|Review by steviev February 7, 2015 (8 of 9 found this review helpful)
|If forced to guess the performers' age based on playing style alone in Beethoven's early Opus 5 sonatas, I'd estimate early twenties, tops. Tempos are fleet, accents fierce, tonal beauty ever-yielding to passionate expression, breathless and impatient forward momentum always. In fact the performers look to be in their mid forties. Their maturity is apparent in the greater patience they take to clarify the complex, wayward structures of the three later sonatas, whilst still reveling in the fierce expression and unbuttoned élan of Beethoven's more extrovert pages, like the concluding fugue of Sonata No. 5. All repeats are taken.

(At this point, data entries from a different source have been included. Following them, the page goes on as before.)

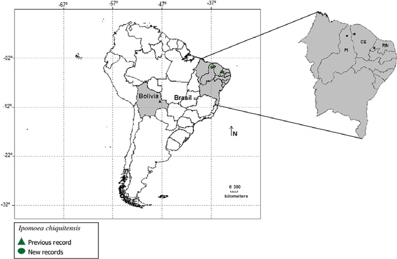 Ipomoea chiquitensis is a recently described species from Bolivia, and is considered endangered (Wood et al., 2015). During an ongoing project to improve the knowledge of Convolvulaceae from Brazil, we made field expeditions in the Brazilian northeast region between 2015 and 2016, when we collected a specimen that we came to conclude belonged to this species. It is the first record of I. chiquitensis for Brazil. More extensive study of herbarium collections revealed that this species is more frequent than initially thought in Brazil, only its specimens have been identified in herbaria as other species of Ipomoea.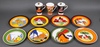 | 648 | A set of 8 Wedgwood Bradford Exchange limited edition Clarice Cliff plates - Red Roof, Poplar, Orange House, Blue Lucerne, Farm House, House and Bridge, Orange Roof Cottage and Fantastique Mountain, 20cm, with certificates, 2 Official Edition Age of Jazz Clarice Cliff mugs and a Times Past Clarice Cliff style mug | 70-90 |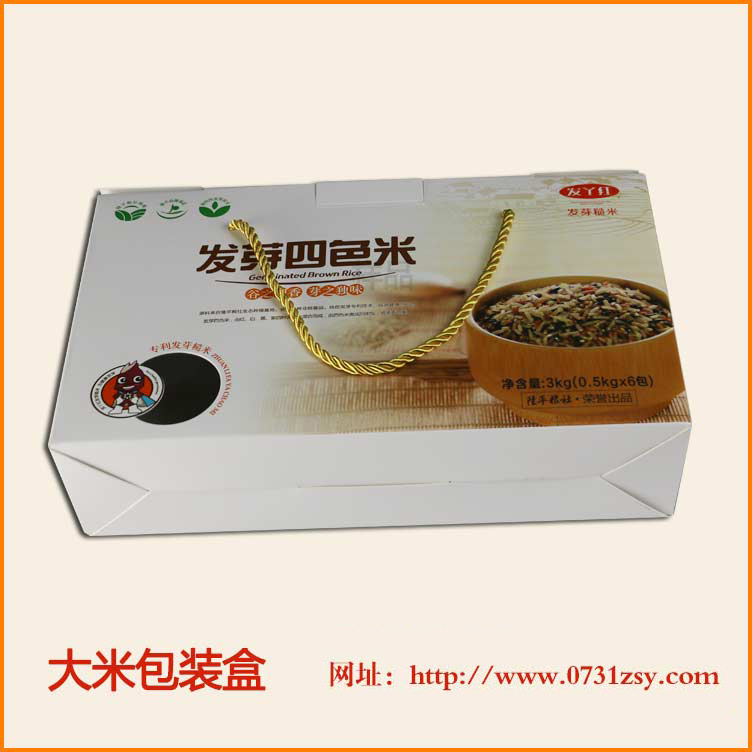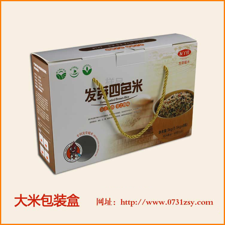 【使用范围】:发芽四色米包装盒材质广泛适用于农产品包装盒,腊鱼/腊肉包装盒,特产包装盒,产品包装盒,活鸡/鸡蛋包装盒等,长沙大米包装盒订做厂家,免费设计,1至2天定稿。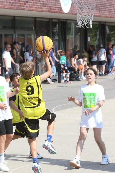 Es wurde ein abwechslungsreiches Programm von den Organisatoren der NRW3x3Tour, der Westdeutsche Basketball-Verband (WBV), die AOK NordWest, das Land Nordrhein-Westfalen und die Sportjugend NRW gemeinsam mit dem Herner TC, der Realschule Crange, dem Pestalozzi-Gymnasium und dem Mulvany Berufskolleg auf die Beine gestellt. „Wir freuen uns sehr, dass wir dieses tolle sportliche Ereignis hier nach 2023 wieder in Herne umsetzen können und für die NRW3x3-Tour am Start sind. Der WBV, die vielen ehrenamtlichen Helfer, unsere Basketballabteilung und alle Förderer der Tour haben wieder alles getan, um dieses tolle Event für alle Aktiven durchzuführen – ein tolles Erlebnis“, sagte Wolfgang Siebert, erster Vorsitzender des Herner TC. Volker Gößling, Schulleiter des Pestalozzi-Gymnasiums ergänzte: „Wir freuen uns, dass wir gemeinsam mit den anderen Schul-Kooperationspartnern Realschule Crange und dem Mulvany Berufskolleg Gastgeber der NRW3x3Tour in Herne sein dürfen.“ Dr. Pia Klems, Beraterin im Schulsport an der Realschule Crange freute sich: „Alle sind mit viel Begeisterung dabei und wir sehen förmlich die Freude und den Einsatz der Kinder und Jugendlichen beim Basketball.“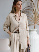 Блуза-рубашка со стояче отложным воротником и центральной застёжкой на петли и пуговицы. Перед с накладным карманом и декоративной деталью с застёжкой на пуговицу. Спинка с отрезной кокеткой и складкой от неё. Рукава втачные с манжетами по низу.

Mr. Haimovitz plays an old cello strung with gut, so his tone is chewy, resiny, sometimes gritty. He usually vibrates on long notes, while eschewing it on occasion for expressive purposes. He plays in tune at all times, though his strong attacks and hard bow pressure compromise tonal beauty -- by design, certainly. He digs deep on Beethoven's frequent bass passages, producing an intonational fuzziness bordering on percussive.
Mr. O'Riley plays a beautiful 1823 pianoforte built by Broadwood, Beethoven's favorite piano manufacturer. The instrument speaks with a twangy spinet-like treble, clear sweet midrange, and thick and wooly bass as strong as a modern piano but not as clear. The una corda pedal, which on a modern piano merely muffles the tone, produces on the Broadwood a cloudy, silvery music-box effect in the treble range that's simply not possible on a modern piano. So for the first time we might be hearing the pianissimo passages as Beethoven intended -- and the effect is quite striking and magical.
The performers are placed in the center of the soundstage, with no significant stereo separation between them, and there's a modicum of reverb, much like you'd hear in a small club. Bass is strong and realistic, befitting the artists' bottom-heavy approach to these works. Much of the pleasure of this recording comes from savoring the Broadwood's diverse tonal registers alongside the earthy vigor of the gut-strung cello. Mr. Haimovitz does breathe heavily on occasion; I don't find it distracting.
This is the only SACD multichannel recording of Beethoven's complete music for cello and piano on period instruments -- both performers and Pentatone have set a towering standard here, likely definitive. Highly recommended, especially for listeners who think they don't like period instruments.